Outdoor-furniture manufacturers use a wide range of durable materials, most of which fall into two groups: those that are meant to be impervious to the elements, maintaining their original appearance for many years, and those that will weather or develop a patina over time.

If you want your outdoor furniture to look brand-new for years to come, good material choices include powder-coated steel or aluminum, stainless steel, and plastics resistant to ultraviolet light. But even those materials can change when exposed to the elements over the long term; some fading, staining or corrosion isn’t uncommon.

To resist fading, look for fabrics made from solution-dyed acrylic, like those from Sunbrella and Perennials, in which the colors are integral to the yarn rather than being dyed or printed later in the process. “It doesn’t degrade in the sun, like the polyesters and the nylons,” said Ann Sutherland, the chief executive of Perennials and Sutherland.

For cushions that won’t be soggy for days after a rainstorm, look for inserts that use quick-drying foam. “It’s usually referred to as reticulated or open-cell foam,” and allows water to pass through quickly, Mr. Schwarz said.

If you can’t decide whether cushions are for you, he recommended a middle ground: Choose furniture that’s comfortable without cushions, but comes with thin pads that can be added for extended lounging.

A lot of outdoor furniture can be left out all year long, especially if it’s heavy enough not to blow around in storms. But cushions are another story.

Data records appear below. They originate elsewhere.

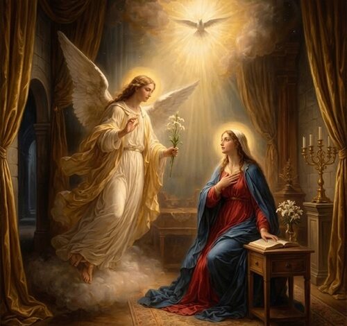 This day commemorates the day on which the Virgin Mary became the Mother of God. It was in the midst of prayer when the angel appeared to her. When she is referred to as “full of grace” it implies that she was pleasing to God in the highest degree. The angel did not command Our Lady but requested her consent to this greatest of all vocations. It was only because of her esteem for the angelic virtue of purity that she asked how this could happen. The Virgin Mary was truly heroic by choosing to sacrifice her life of secluded contemplation for a life fraught with sufferings. She realized the dignity and responsibility of the path laid out for her, yet she had no hesitation because of her absolute trust in divine assistance.
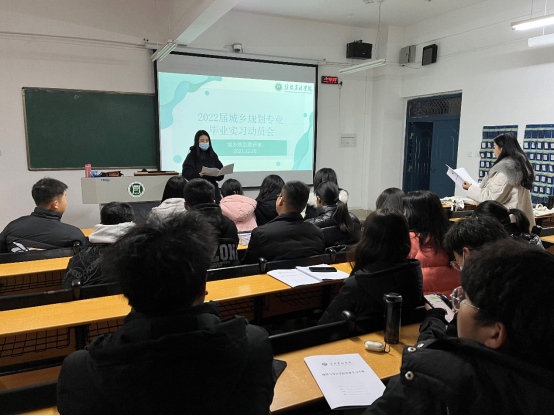 2021年12月28日,规划与设计学院城乡规划专业、城乡规划(景观规划设计)专业、风景园林专业、环境设计专业、广告设计与制作专业召开毕业生实习动员大会。
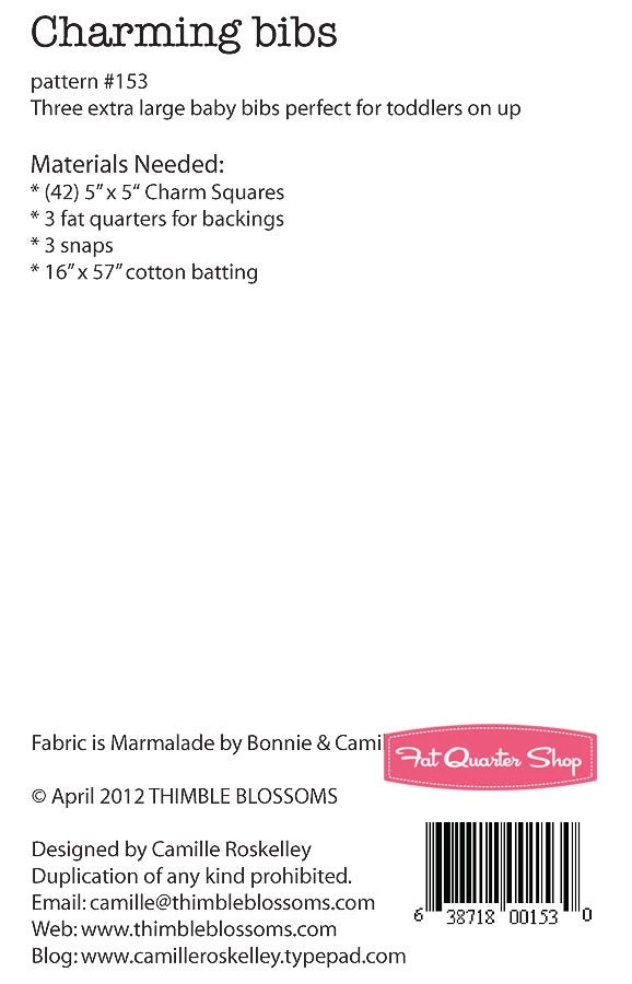 Charming Bibs Downloadable PDF PatternThimble Blossoms
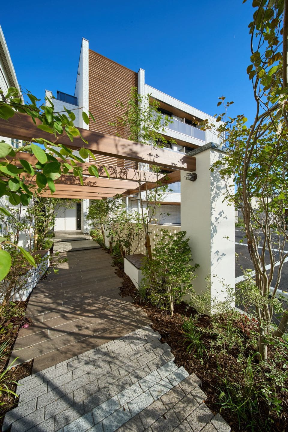 街並みに調和する外観デザインと安全性に配慮し道路から奥行きを持たせたアプローチには、海から里山へと続く物語を床素材と植栽で表現。

To preserve cushions as long as possible — and to ensure that they’ll be dry when you want to use them — some designers recommend removing and storing them when they’re not in use. Others recommend protecting outdoor furniture with covers.

Both of these strategies, however, are labor intensive and may discourage you from using your outdoor space on days when you can’t be bothered to put out the cushions or uncover the furniture.

Ms. Sutherland recommended a more laid-back approach: Leave the furniture and cushions out and uncovered for most of the year, but cover or store them when you won’t be using them for extended periods of time — during the winter, for instance, or when you’re out of town.